ITAT Indore Mandates Verification of Form 16A and Form 26AS for Resolving TDS Credit Mismatches
In the realm of direct taxation, the seamless reconciliation of Tax Deducted at Source (TDS) remains a persistent challenge for many. The recent judicial pronouncement by the Income Tax Appellate Tribunal (ITAT), Indore Bench, in the matter of Shree G. T. Sales Vs DCIT/ACIT-1(1), offers significant clarity on this front. The tribunal effectively intervened to protect an assessee from an unwarranted tax demand arising purely from a systemic mismatch of TDS credits. By remanding the case to the Assessing Officer (AO) for a thorough factual verification of the underlying TDS certificates, the ITAT reinforced the principle that substantive justice must prevail over procedural discrepancies.
This comprehensive summary delves into the factual matrix, the statutory interpretations by the lower appellate authorities, and the final verdict delivered by the ITAT, providing a clear roadmap for handling similar tax credit disputes under the Income Tax Act 1961.

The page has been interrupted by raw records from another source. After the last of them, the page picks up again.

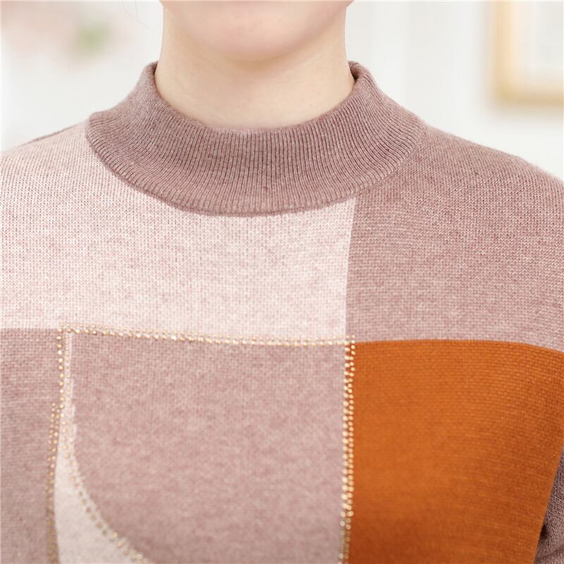 ## 新作!【売れ筋】新しい秋と冬の厚手の女性の中高年ニットセーター半襟長袖ファッショナブルな母親の底シャツトップス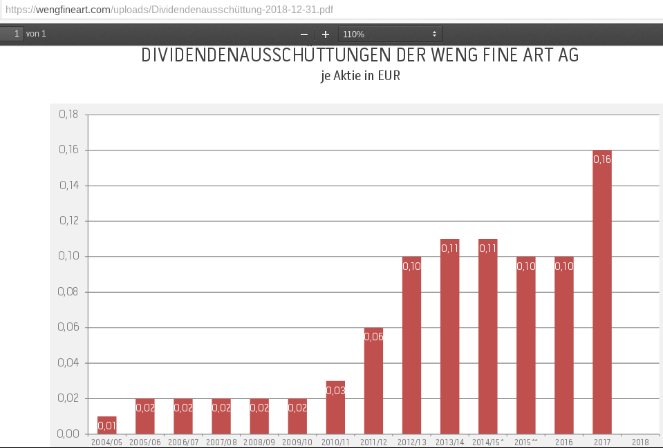 Nur weil man Umsätze von Weng Fine Art AG auf die WFA Online AG auslagert, entstehen doch keine zusätzleichen "Werte", sondern zusätzliche Kosten für zwei Gesellschaften, zwei Buchhaltungen und (hoffentlich auch) zwei geprüfte Abschlüsse? Wieso bürdet man den Aktionären hier wohl ohne Not zusätzliche Kosten in den Unternehmen auf?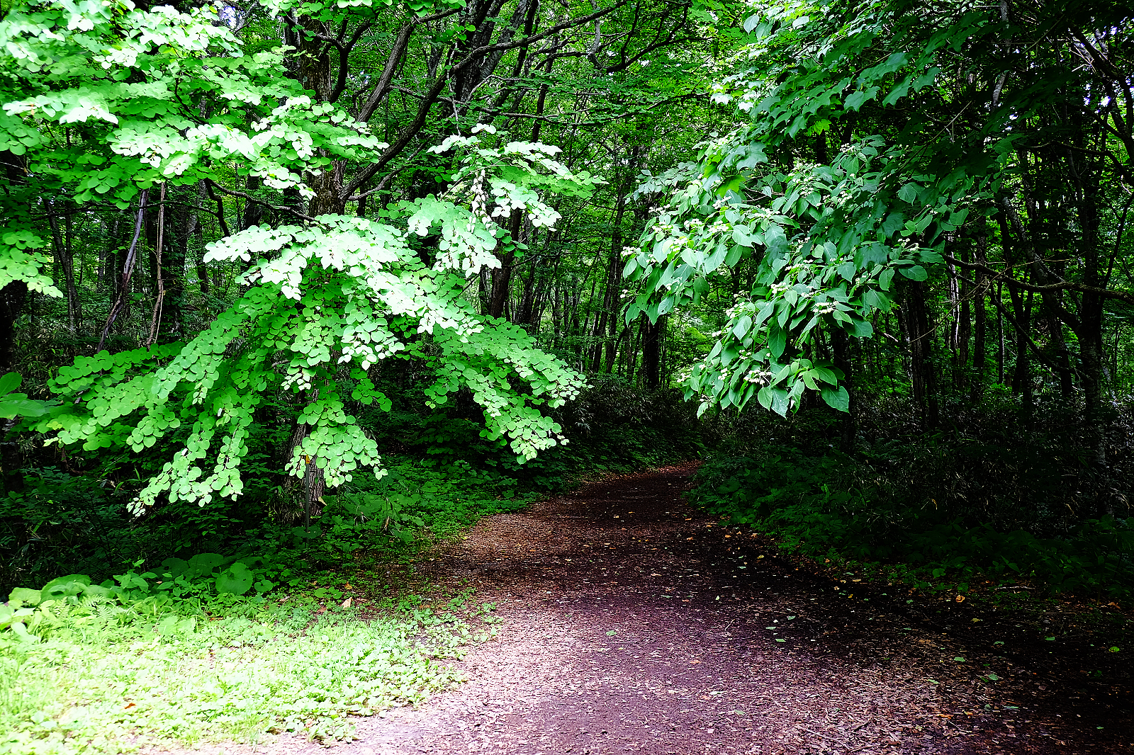 繼續往前走,接下來經過的幾個池景色都差不多,落口の池、中の池、越口の池湖水都是較淡的碧綠色

Factual Matrix of the Dispute
The controversy traces its origins to the processing of the income tax return for the Assessment Year (AY) 2019-20, corresponding to the financial period from 01.04.2018 to 31.03.2019.
The assessee had filed a return declaring a total income of Rs. 33,95,889. This aggregate income comprised Rs. 16,97,787 derived from house property and Rs. 16,98,102 categorized under profits and gains from business and profession. Against a computed gross tax liability of Rs. 10,59,518, the assessee claimed a total TDS credit amounting to Rs. 9,67,280.
The Trigger: Intimation Order by CPC
The Centralized Processing Centre (CPC), Bengaluru, processed the return and issued an intimation order under Section 143(1) of the Income Tax Act 1961 on 17.02.2020. During this automated processing, the CPC systems could only successfully match TDS credits worth Rs. 6,02,418.
Consequently, a substantial portion of the claimed tax credit, specifically Rs. 3,64,862, was classified as unmatched. Due to this denial of credit, the CPC raised a fresh, consequential tax demand of Rs. 4,27,238 against the assessee.
Proceedings Before the First Appellate Authority
Aggrieved by the automated adjustment and the resulting financial liability, the assessee escalated the matter by filing a first appeal under Section 246A of the Income Tax Act 1961 before the Commissioner of Income Tax (Appeals) [CIT(A)].